Whole transcriptome analysis of 3D-alginate-ECs, 3D-PEG-ECs, and 2D-ECs derived from H9s. (A,B) Global heat map of expressed genes and PCA of all ECs. (C) Heat map representation of the Spearman rank correlation coefficient between methods. Correlation color key goes from white (0, no correlation) to blue (1, perfect correlation). (D) Scatterplot in the log scale of gene expression for all ECs.
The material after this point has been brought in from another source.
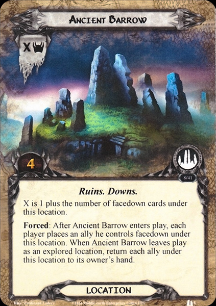 - If you can get an Ancient Barrow in your staging area with little to no allies under it, perhaps one drawn during stage 2A, leave it there! If it’s not in the deck you can’t draw it and it can’t steal your allies. You only really want to travel here if the threat is killing you, you really need an ally it stole back, or you’re doing so well that you’ve got nothing else to do.

Three biological replicates are used for each sample.

Figure 6

Differential gene expression analysis among all ECs derived from H9s. (A,B) Top 10 upregulated GO terms in the 3D-PEG-EC and 3D-alginate-EC groups compared with 2D-ECs, respectively. (C,D) Venn diagram showing the upregulated and downregulated gene counts in 2D-EC, 3D-PEG-EC, and 3D-alginate-EC groups. (E–I) log ₂ (expression level in 3D-PEG-ECs or 3D-alginate-ECs/expression level in 2D-ECs) of extracellular matrix genes. (J–M) log ₂ (expression level in 3D-PEG-ECs or 3D-Alginate-ECs/expression level in 2D-ECs) of genes related to EC secretome (J), glycolysis (K), angiogenesis (L), and proliferation (M).